FIG. 1 illustrates a conventional multiple beam antenna configuration. A beam forming network (BFN) 11 supplies signals to a feed horn cluster 13. which illuminates an offset paraboloid reflector 15. If the feed horns 19 are made relatively small for close packaging and reasonably high crossover levels 17 (as shown in FIG. 2), a significant portion of the beam misses the reflector, becoming spillover loss 21. Alternative feed horns that produce more directive beams to reduce the spillover loss, produce low beam crossover levels 23 in the beams reflected from the offset paraboloid reflector, as shown in FIG. 3.
A partial solution to the spillover loss problem is described by the inventor in Wokurka, A Feed Cluster Image Reduction System, Digest, IEEE AP-S Symposium, Blacksburg, Virginia, Jun. 1987, pages 199-202. In the system there described, an "imaging" lens is used to produce an optically reduced image of a large feed horn cluster. The reduced image of the feed horns is then used to illuminate the collimating reflector or dielectric lens. A field lens is placed between the imaging lens and the objective lens to efficiently refract the energy from each feed horn onto the objective lens, thereby maintaining low spillover loss for each beam at the objective lens.
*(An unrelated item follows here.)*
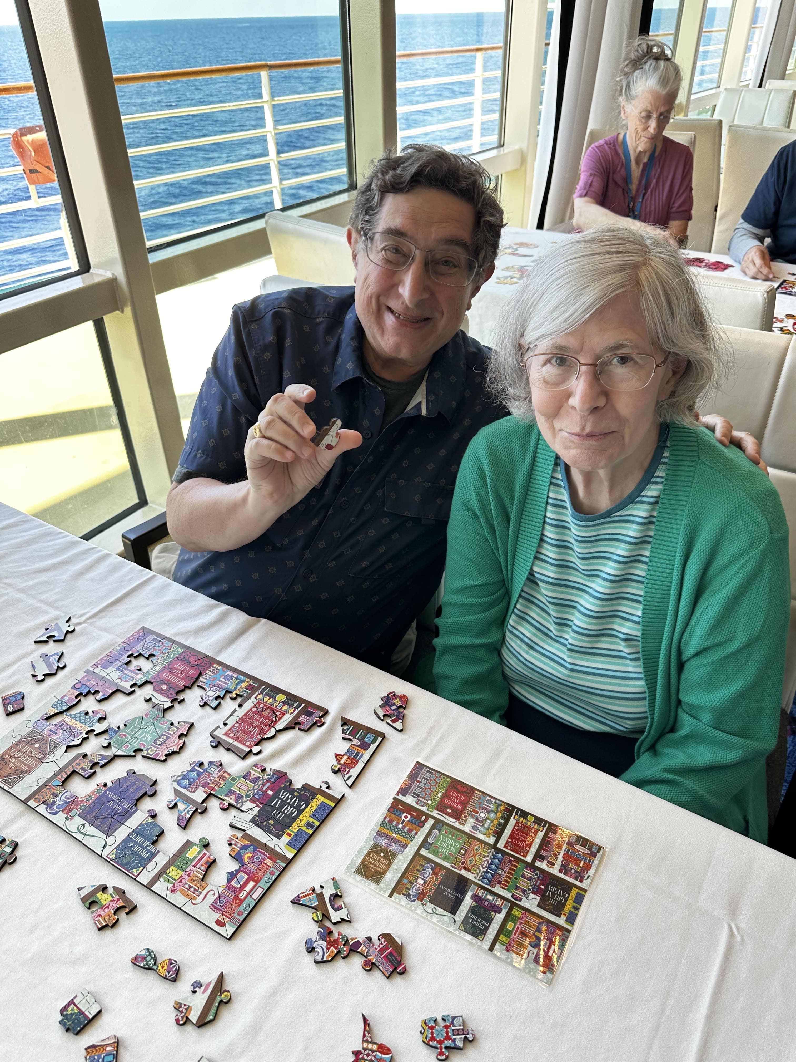 Their hands-on puzzling sessions, held on sea days in the dining room, regularly draw 100+ guests. These drop-in events are relaxed, social, and inclusive—inviting guests of all ages and backgrounds to unwind, connect, and puzzle at their own pace. Monica and Rae bring over 200 puzzles from 30–40 different brands, offering a wide mix of piece counts (from 30 to 1,000), materials (wood, acrylic, cardboard, plastic), and styles—including large-piece, shaped, and boutique designs.

Another system that has been suggested is to form overlapping feed horn subclusters with a more complex beam forming network. With this approach, energy to be radiated in a beam is divided in the BFN and applied to several adjacent horns. This approach increases the feed aperture size, and narrows the feed radiation pattern, to more efficiently illuminate the reflector. Adjacent beams are produced by overlapping these clustered feed horns. However, this approach complicates the feed network greatly, particularly for millimeter wave length signals and/or systems using a large number of beams. This approach also adds significantly to waveguide or transmission line losses. Such increased complexity and losses are particularly pronounced at higher millimeter wave frequencies, where they are least tolerable.
Another proposed solution to the spillover loss problem is to build several antennas, each of which produces widely spaced beams that are a portion of the total required. The beams from the separate antennas are then interlaced in space to create the full coverage complement. Clearly, this approach adds much unnecessary weight and volume to the antenna system by adding more antennas.